Я резко оборачиваюсь к девушке. Она бледная как смерть, но глаза смотрят храбро.
– Соджин… Меня привез сюда не председатель, а Минхо. Потому что… – И голос девушки ломается. Плечи начинают дрожать.
В чем дело?
– Потому что… – повторяет Соколова, однако значительно тише, она явно не уверена, стоит ли продолжать, сомневается…
– Первый наследник «Пак-Индастриал» – ты, Соджин. Ты мой сын, первенец… – заканчивает за Марию Бёнхо, и под моими ногами разверзается пропасть, а грудная клетка так сдавливает сердце, что не могу сделать ни вдоха.
Бред! Что за чушь говорит старик?! Совсем из ума выжил? Постойте. Мне нужна секунда, чтобы здраво мыслить. Нет! Тысяча секунд, миллион…
– Я несу тяжкий крест годы и заберу его в могилу, – добавляет Пак. – Мы с твоей матерью познакомились задолго до того, как она встретила Джин Хёна. Соха была моей первой и единственной любовью. Я хотел жениться на ней, но, к сожалению, девушка из бедного района не отвечала требованиям моей семьи, а я был чрезмерно труслив, чтобы пойти против воли отца. Вскоре родители организовали мне брак с наследницей конгломерата своих влиятельных партнеров. Узнав об этом, Соха бросила институт и уехала из Сеула.
Я пытался ее отыскать, но тщетно. А спустя много лет, совершенно случайно, мы столкнулись на парковке спорткомплекса. Я забирал Минхо с занятий, а Соха пришла на один из твоих матчей. Тогда-то все и открылось. Твоя мать сбежала, будучи беременной на раннем сроке, еще не зная о своем положении. И можно было оставить все как есть, ведь мне удалось выяснить: любимая давно замужем, у тебя есть отец, не догадывающийся, что ты не родной, поскольку Соха, узнав, что носит тебя под сердцем, выскочила замуж практически за первого встречного, что в итоге обернулось удачей… Джин Хён оказался хорошем парнем.

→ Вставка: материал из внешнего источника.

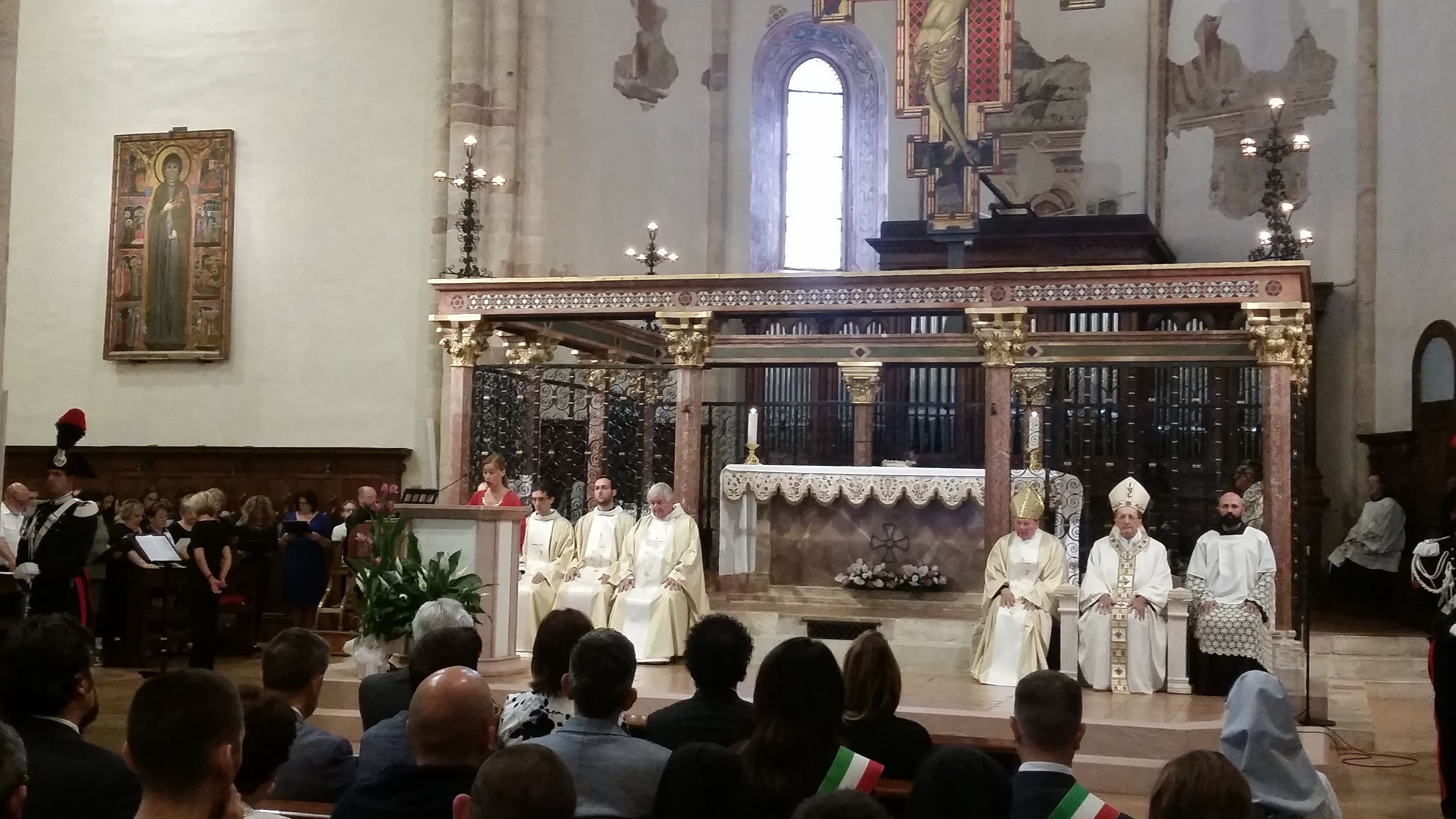 ASSISI – In una basilica gremitissima di fedeli, alla presenza della massime autorità civili e militari è stata festeggiata, giovedì 11 agosto, la solennità di Santa Chiara. “E’ significativo celebrare la solennità di Santa Chiara in questa splendida cornice di Assisi durante il Giubileo della Misericordia indetto da Papa Francesco – ha esclamato il cardinale Beniamino Stella, prefetto della Congregazione per il clero che ha presieduto la celebrazione eucaristica. Santa Chiara – ha aggiunto il cardinale – ascolta la voce di Cristo, lo segue con gioia e lo testimonia con amore. Ascoltare la voce di Gesù, ascoltare la chiamata di Cristo è il fondamento di ogni vita cristiana. Dio si fa umile e povero quasi a mendicare un posto nel nostro cuore. Sembra che Dio faccia fatica ad entrare nelle nostre città, nel nostro mondo. Viviamo immersi nel rumore, le difficoltà della vita quotidiana, le contrarietà, le sofferenze ci impediscono spesso di ascoltare la voce di Dio nella profondità del nostro cuore. Quando il cuore è sgombro da ogni rumore può accogliere la parola di Dio che libera e guarisce. La scelta di Chiara – ha proseguito – ci invita a frenare le ansie e a saperci ritagliare momenti di solitudine, preghiera e contemplazione. Siamo chiamati alla gioia. Papa Francesco ci richiama alla gioia e ci ripete che la carta d’identità del cristiano è la gioia, lo stupore davanti alla grandezza di Dio. Egli dice che un cristiano è un uomo e una donna con la gioia nel cuore. Non esiste un cristiano senza gioia. Chiara trova la ragione della sua gioia contemplando Gesù. Siamo chiamati all’amore, alla carità. Questa chiamata del Signore ci invita ad andare verso gli altri. Si tratta come ricorda Papa Francesco di una gioia nell’esercizio della carità missionaria. E’ necessario rimanere nell’amore del Signore per portare frutti nel mondo. Santa Chiara ci invita a contemplare questo amore per Cristo. Dobbiamo lasciarsi accendere sempre più fortemente da questo ardore di carità. Questo è un imperativo per tutta la Chiesa il cui annuncio risulta credibile solo se essa si concentra sulle cose essenziali. Penso che possiamo tutti fare nostro il desiderio di Papa Francesco che ha detto ‘Come vorrei una chiesa povera per i poveri’. Questa è la chiesa che Francesco e Chiara hanno riparato e adesso tocca a noi. Prendiamoci un pò di tempo quotidiano per il Signore; impegniamoci ad offrire la nostra vita nell’esercizio della carità. In questo modo – ha concluso – anche noi potremmo essere strumenti operosi che il Signore vorrà adoperare per riparare la sua chiesa”.
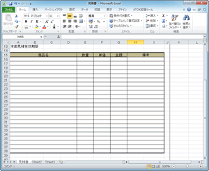 見積もり表を作ります。見出し行には、数量や単価などの項目を入力します。表の範囲を選択し、[セルの書式設定]で罫線を引きます。-

Но мои чувства, моя одержимость этой женщиной победили голос рассудка.
Я решил остаться рядом, пусть не мужем и не возлюбленным, но покровителем. Предложил Джин Хёну финансирование, купил для него это здание, полностью и безвозмездно передав права владения. Помог наладить бизнес. Ради Сохи и тебя, Соджин. Но все тайное рано или поздно становится явным.
Однажды Джин Хён получил анонимное письмо, полагаю, написанное моей бывшей женой, желающей отомстить за годы холодности и безразличия в браке. В тот роковой вечер он попросил меня приехать к вам в дом. Я тогда ни о чем не догадывался. Ким был пьян. Мы крепко поругались, наговорили друг другу глупостей и бессмысленных угроз, а ты стал свидетелем ссоры.
Затем Джин Хён бросился к машине: он собирался уехать из города. Твоя мать кинулась за ним, намереваясь успокоить мужа. Я пытался ей помешать, но Соха заявила, что вообще не хочет меня видеть. Она сказала, что ни дня не жалела о своем выборе и любит супруга всем сердцем. Я уважал Соха, ее желания, мнение и, как бы мне ни было тяжело, отпустил… Они сели в автомобиль… – Бёнхо на некоторое время затихает, но не для того, чтобы я смог уложить в голове его историю, нет… ему просто… больно…
Не хочу это признавать! Каждая клеточка тела противится открытию, однако горе старика, стоящего передо мной, очевидно.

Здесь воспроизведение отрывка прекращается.